On top of her job at the museum, Ben Salah began freelance curating, and in 2016, she started editing Kaleidoscope, a visual culture and contemporary aesthetics magazine based in Milan. Though the pandemic has delayed its opening, she also co-curated "Made in LA," the biennial exhibition at the Hammer Museum, which was itself a two-year project.

After 15 years in Paris, Ben Salah will move to Chicago to take the reins of the Renaissance Society, 5811 S. Ellis Ave.: an unabashedly avant-garde, boutique, contemporary gallery space. Her predecessor, Solveig Øvstebø, returned to Norway to become executive director of the Astrup Fearnley Museum of Modern Art in Oslo.

As far as her own tastes, Ben Salah said her interests are sparked by conversations with particular artists. "Then I get into their practice, and that develops into a long-term relationship around their work," she explained. "One thing I'm particular interested about and that I've been interested in developing in my practice over these past years is the interaction between the very avant-garde and the mainstream, like the point of friction between pop culture and the very experimental."

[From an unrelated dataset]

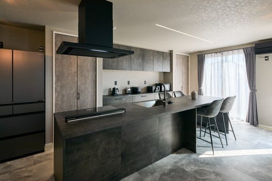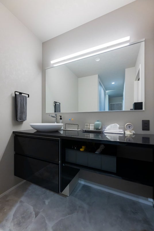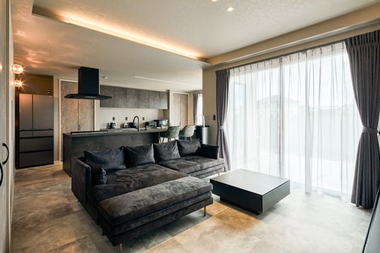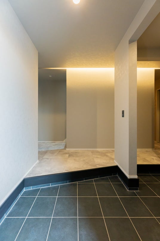グレートーンでまとめたシックな装いに、散りばめた間接照明が映える大人かっこいい空間に仕上がりました。ホテルライク好き必見のお住まいです。

Ben Salah has not spent much time in the Windy City. She said the city's powerhouse institutions like the Art Institute, 111 S. Michigan Ave., and Theaster Gates' Rebuild Foundation, 6916 S. Dorchester Ave. factor into her conception of international contemporary art — in Los Angeles, she has collaborated with the Underground Museum art gallery, which has a relationship with Gates and operates similarly as he does on the South Side – but she conceded that the prospect of moving here to start a new job is daunting.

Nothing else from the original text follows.